Lately, more and more new theater companies are appearing in our area. This can be a blessing and a curse. While it's great to have so many excellent theatrical offerings, it can also make it hard for audience members to choose which show to attend or theater to support. For newer, younger companies, everything they do can make or break their future as a professional theater. One young company may or may not have done itself a favor with its very name, Epic Theatre Company.
Using "Epic" in a name carries with it an awful lot of potential for certain expectation. The word "epic" has come to mean a lot more than it used to, just think of the very common phrase "epic fail." Right from the start, Epic Theatre is potentially setting a very high bar for itself, giving the audience the impression that it's going to see an epic production of an epic story. That's a lot to put on yourself if you're a young company.
Reading the program notes for the current production, The Other Place, the trend continues. In the notes, the audience is promised a "tour de force" performance in the middle of a "riveting journey." Again, it's one thing to tease and hint about what the audience is going to see, to whet their appetite and raise their interest. It's another thing to raise their expectations, set a very high bar with no guarantee that it will be met. It doesn't help, either, to tell the audience how they should feel or think about a play before they even see it.
Once it gets going, The Other Place has a promising beginning. Juliana, a former neurological researcher, is giving a sales presentation for a new drug. More than giving the pitch, she's telling us about giving the pitch and what happened to her while she was discussing this anti-dementia drug with a room full of doctors. It becomes quickly apparent that things are not all what they seem and Juliana's life is quickly spiraling out of control. A few visits to a doctor's office later, and we discover that Juliana doesn't have brain cancer, as she believed, but rather a form of dementia, the very thing she has spent her professional life studying.
The script, by Sharr White, has more than a little in common with Wit and a number of other plays or movies about highly intelligent, independent women who are suddenly losing both their intelligence and independence. White's play is short and fast, for better or worse. In under ninety minutes, it flies by, not allowing much, if any time, for the moments to really register. Emotional bombs are dropped but don't get to resonate for very long.
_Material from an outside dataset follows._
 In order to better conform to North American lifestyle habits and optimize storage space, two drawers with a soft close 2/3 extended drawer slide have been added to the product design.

In the middle of this bullet train is Juliana, not just the center of White's play but, it seems, his main reason for writing it. The character is on stage the entire time, often alone, in what is at times a one-woman show. As a whole, the play feels like White wrote the character of Juliana first, then tried to impose or create a story around her. Sometimes it works, sometimes it doesn't. There are absolutely wonderful moments, highly charged scenes, laugh-out-loud jokes and some great writing, but it all seems to exist only to service the character of Juliana and the actress playing her. One great character or role does not make a great play.
Luckily, Epic Theatre has an actress who is up to the task. Emily Lewis is put through the ringer in this role, going from a strong, steely, and smart to a disheveled heap, a shell of her former self. While there are moments that feel self-indulgent, she handles the role and all those ups and downs with an inner truth and believability. It's one of those performances that must leave her emotionally and physically exhausted, making it all the more impressive that she pulls it off so well.
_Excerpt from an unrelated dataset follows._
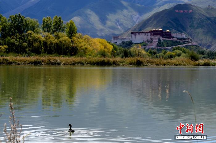9月4日,初秋時節(jié)的西藏拉薩市拉魯濕地國家級自然保護區(qū)秋意漸濃、景色如畫。藍天白云下,草木黃綠、水鳥嬉戲,與遠處的城市建筑共同構(gòu)成一幅美麗的生態(tài)畫卷。中新社記者 李林 攝

As her husband, Ian, Robert C. Reynolds does not fare as well. The character, compared to Juliana especially, is not nearly as well-written or well-developed. His motivations are never clear and there are moments where he says or does things that just don't make sense in context. It's not a sympathetic or very believable character, the way it's written. So, perhaps Reynolds does the best he can with what he's given, it's hard to say. His performance is constantly at one level, turned all the way up, and that just doesn't work. When he makes sudden transitions from one emotion to another, yelling to suddenly crying, it just feels clunky or fake.
Two other cast members, Kerry Giorgi and Aaron Morris play the other male and female roles. Morris is hardly used but Giorgi gets many of the play's best moments or gets to be part of them. She's an excellent young actress who brings believablitiy and life to even the smaller roles of the three she's asked to play. When Giorgi and Lewis have an extended scene together toward the play's end, it is easily the play's finest moment, in part because the two actresses work so well individually and as a team.
That moment, when Juliana is literally back at "the other place" and encounters a strange woman, is when the play as a whole finally comes alive and becomes something special. It's almost too bad that the entire play is not about that moment, two complicated, broken women, how they got to that point and how their interaction changes them both forever. Unfortunately, Sharr seemed more interested in creating one "tour de force performance," rather than creating a fully-developed, compelling, entertaining an believable story.
Still, while it may not be epic, in the traditional sense of the word, it is a captivating and impressive performance by an actress and at least one other cast member. And it's a fine start for a young theater company that clearly has talented people and a future worth watching to see what happens.
The Other Place will be performed on the 22nd and 23rd at 8:00pm, at The Artists' Exchange, 50 Rolfe Square, Cranston, RI. Tickets are $15, $12 for students and can be purchased at the Exchange box office or through Epic's website, www.epictheatreri.org.